2. Let the child sit in a position they find most comfortable. Many children find it most comfortable to sit forwards.

3. Ensure the child has 2 puffs of their usual reliever.

4. STAY WITH THE CHILD. The reliever should work in 5 – 10 minutes

5. If symptoms have improved but not disappeared then give 1 puff of the reliever inhaler every minute for 5 minutes. Stay with the child.

6. Where inhalers have been administered and the parent is absent then a call home should be made to inform parents. Children should not continue to play football. Children should be closely monitored until they are returned to the care of parents/carers.




-The reliever has no effect after 5-10 minutes
-The child is either distressed or unable to talk
-The child is getting exhausted
-You have any doubts about the child’s condition


1) Call 999 or send someone else to call 999 immediately – Inform them the child is having a SEVERE ASTHMA ATTACK AND REQUIRES IMMEDIATE ATTENTION.

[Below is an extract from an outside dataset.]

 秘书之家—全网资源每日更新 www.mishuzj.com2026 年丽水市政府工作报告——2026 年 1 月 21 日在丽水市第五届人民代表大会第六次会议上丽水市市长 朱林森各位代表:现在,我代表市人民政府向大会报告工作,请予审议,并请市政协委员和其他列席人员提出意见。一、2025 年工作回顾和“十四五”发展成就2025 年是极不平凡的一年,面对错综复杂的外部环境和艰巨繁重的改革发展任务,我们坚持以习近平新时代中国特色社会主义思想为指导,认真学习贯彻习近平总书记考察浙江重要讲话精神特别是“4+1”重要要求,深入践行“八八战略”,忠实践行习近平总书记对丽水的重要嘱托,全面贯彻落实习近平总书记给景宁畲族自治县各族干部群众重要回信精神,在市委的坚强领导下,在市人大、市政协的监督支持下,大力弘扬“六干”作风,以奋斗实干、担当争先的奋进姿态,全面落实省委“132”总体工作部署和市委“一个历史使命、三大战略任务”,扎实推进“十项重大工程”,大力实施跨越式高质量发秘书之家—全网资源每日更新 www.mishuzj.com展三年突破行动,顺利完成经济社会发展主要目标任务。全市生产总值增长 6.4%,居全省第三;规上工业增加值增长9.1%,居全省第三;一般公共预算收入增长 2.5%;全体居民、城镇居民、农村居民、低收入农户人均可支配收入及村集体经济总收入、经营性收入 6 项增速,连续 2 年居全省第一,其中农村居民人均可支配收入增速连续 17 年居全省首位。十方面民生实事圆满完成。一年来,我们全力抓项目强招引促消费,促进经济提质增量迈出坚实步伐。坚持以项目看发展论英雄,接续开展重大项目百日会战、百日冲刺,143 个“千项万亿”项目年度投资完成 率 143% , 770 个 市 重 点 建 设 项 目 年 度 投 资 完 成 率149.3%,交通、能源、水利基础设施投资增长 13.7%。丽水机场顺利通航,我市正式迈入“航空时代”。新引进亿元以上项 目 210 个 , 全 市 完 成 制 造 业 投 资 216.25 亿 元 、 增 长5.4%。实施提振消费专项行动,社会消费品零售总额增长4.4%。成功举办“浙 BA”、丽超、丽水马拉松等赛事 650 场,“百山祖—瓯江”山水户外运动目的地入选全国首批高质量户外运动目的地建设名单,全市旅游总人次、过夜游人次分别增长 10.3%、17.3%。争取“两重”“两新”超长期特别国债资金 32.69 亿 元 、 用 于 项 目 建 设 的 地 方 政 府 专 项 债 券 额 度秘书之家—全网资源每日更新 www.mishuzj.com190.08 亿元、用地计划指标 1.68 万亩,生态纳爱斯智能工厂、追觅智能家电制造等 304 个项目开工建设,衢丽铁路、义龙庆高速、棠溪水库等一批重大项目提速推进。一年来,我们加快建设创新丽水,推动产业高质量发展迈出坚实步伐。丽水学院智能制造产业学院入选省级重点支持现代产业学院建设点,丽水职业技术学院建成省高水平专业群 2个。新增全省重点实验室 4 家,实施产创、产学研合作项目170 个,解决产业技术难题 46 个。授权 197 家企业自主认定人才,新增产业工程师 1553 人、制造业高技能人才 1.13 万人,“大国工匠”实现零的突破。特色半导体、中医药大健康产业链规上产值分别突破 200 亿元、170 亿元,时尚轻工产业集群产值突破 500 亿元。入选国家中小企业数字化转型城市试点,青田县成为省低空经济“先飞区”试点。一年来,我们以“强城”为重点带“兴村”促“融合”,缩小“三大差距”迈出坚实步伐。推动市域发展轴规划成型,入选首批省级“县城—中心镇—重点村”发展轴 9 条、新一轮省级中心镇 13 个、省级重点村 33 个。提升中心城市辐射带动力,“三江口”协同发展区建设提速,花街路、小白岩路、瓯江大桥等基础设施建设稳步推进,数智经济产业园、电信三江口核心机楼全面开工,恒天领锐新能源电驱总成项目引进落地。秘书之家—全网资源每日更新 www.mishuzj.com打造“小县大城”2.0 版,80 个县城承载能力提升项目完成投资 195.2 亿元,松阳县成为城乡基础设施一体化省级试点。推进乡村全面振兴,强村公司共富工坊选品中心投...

2) Using the child’s reliever and spacer device give one puff into the spacer. Allow the child to breathe the medicine from the spacer. If the spacer device is an aeorochamber and it whistles ask the child to breath more slowly and gently. After one minute give another puff and allow the child to breathe the medicine. Repeat at not more than one minute intervals until the ambulance arrives.

3) Contact the parents and inform them what has happened.


In line with the first aid policy coaches/managers are responsible for logging incidents where players have recieved preventer treatment.